Rising prices of commodity memory chips are reshaping profitability expectations in the semiconductor market, with analysts suggesting that conventional memory could soon outperform high-bandwidth memory (HBM) in operating margins.


Lee Se-chul, Managing Director at Citi Group Research, said during a television interview on Monday that commodity memory, which has historically generated lower margins than HBM, may now deliver higher profitability due to a sharp price surge. He added that this shift could act as a positive earnings driver for Samsung Electronics.


According to Lee, commodity memory prices jumped by approximately 70% in the fourth quarter of last year, with an additional increase of around 40% expected in the first quarter of this year. “Given the scale of the price increase, commodity memory could enter a phase where operating profit margins exceed those of HBM,” he said.


Lee explained that memory manufacturers had concentrated new capacity investments on HBM last year to meet strong demand tied to artificial intelligence workloads. However, faster-than-expected growth in AI inference demand has driven a surge in demand for key-value (KV) cache, which relies more heavily on conventional DRAM.

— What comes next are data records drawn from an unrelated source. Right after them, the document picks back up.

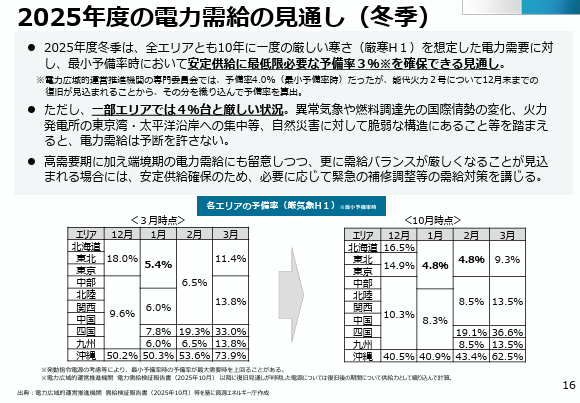 経済産業省は、2025年度冬季の電力需給対策をまとめた。全国の予備率(需要に対する供給余力)はすべてのエリアで最低限必要な3%を上回る見通しとなり、今冬は節電要請を行わない方針を決定。ただし、老朽火力の稼働リスクや異常気象・地政学リスクを踏まえ、需給の安定に向けた警戒を継続する。発電事業者には保安管理の徹底を要請し、トラブル発生時には機動的な補修や供給力追加などを実施する体制を整える。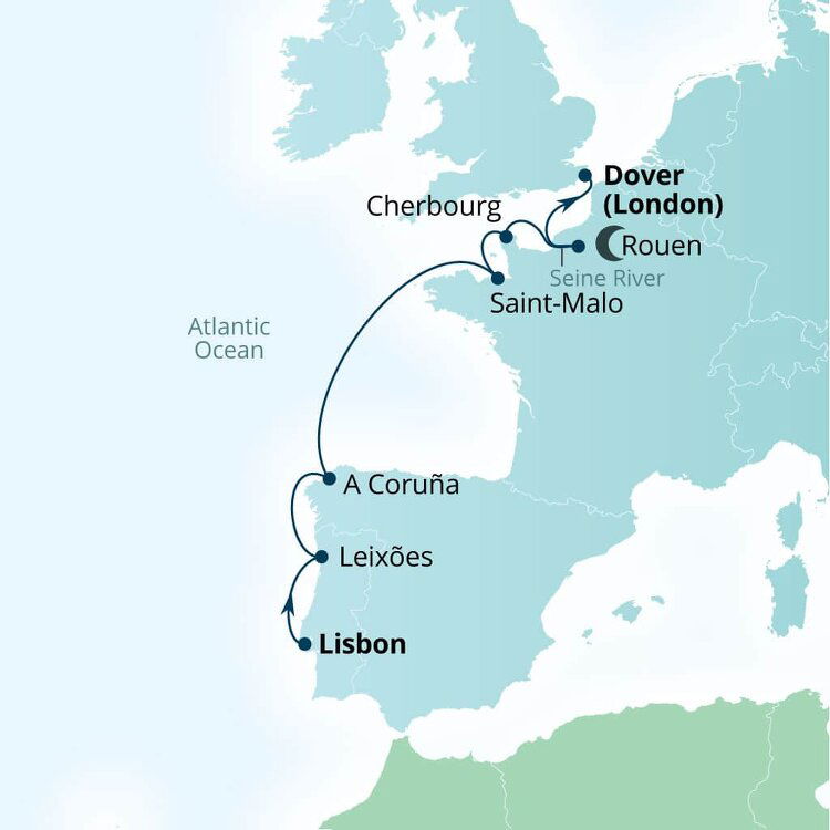 Known as the 'Gateway to England', the southeastern town of Dover is the main transit port between the two sides of the English Channel. This quaint and uniquely British town is famous for its impressive white cliffs, which have inspired many a poet and playwright. Ships will dock at the Dover Cruise Terminal.
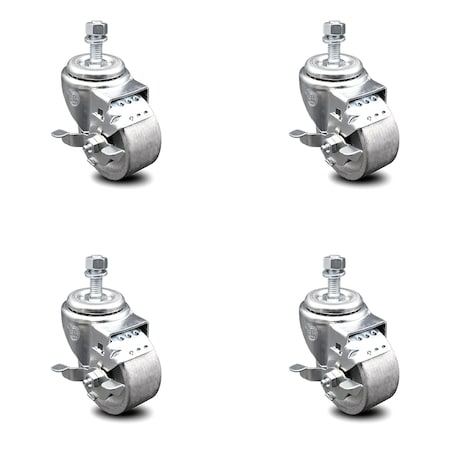 3 Inch Semi Steel Swivel 3/8 Inch Threaded Stem Caster Set with Brake SCC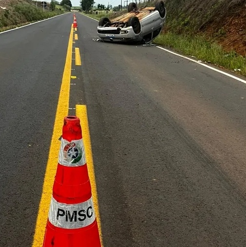 A saída de pista seguida de capotamento envolveu um VW/Gol com placas de São Miguel do Oeste e aconteceu por volta das 4h30, próximo à comunidade de Linha Santa Rita.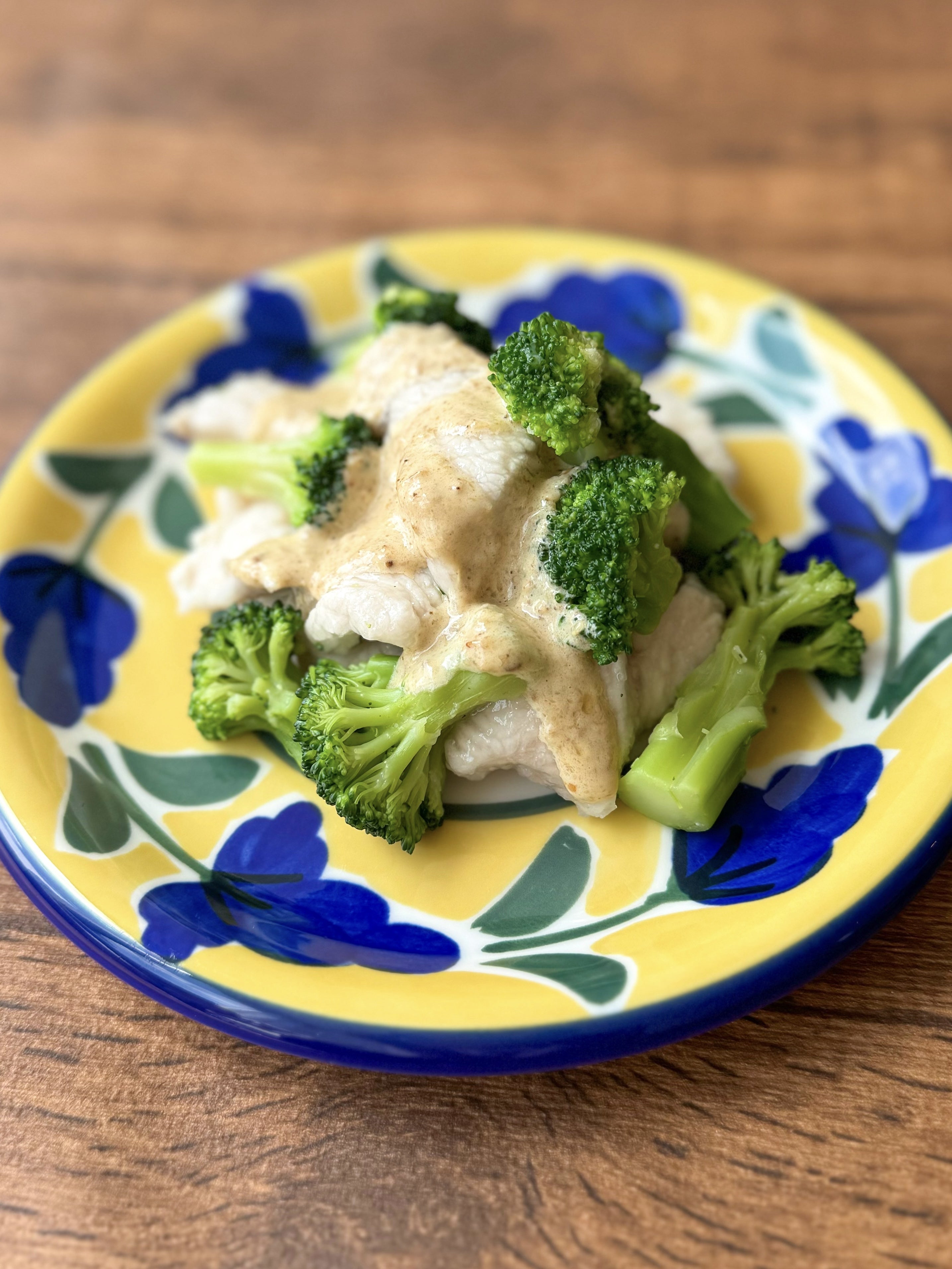 たんぱく質34.6g♪ 鶏むね肉とブロッコリーのごまだれサラダ。

As inference workloads expand, demand has increasingly shifted from HBM toward general-purpose DRAM, and is now extending further into NAND memory, according to Lee. This demand transition has tightened supply conditions across the broader commodity memory market.


“The expansion of inference-related demand is spreading from DRAM to NAND,” Lee said, noting that the sector as a whole is entering a phase of rising demand. He added that commodity memory, long overshadowed by HBM, now warrants renewed attention from investors and the industry.


The analysis highlights how changing AI usage patterns—particularly the rapid growth of inference workloads—are altering demand dynamics within the global memory market, with potential implications for pricing, margins, and corporate earnings.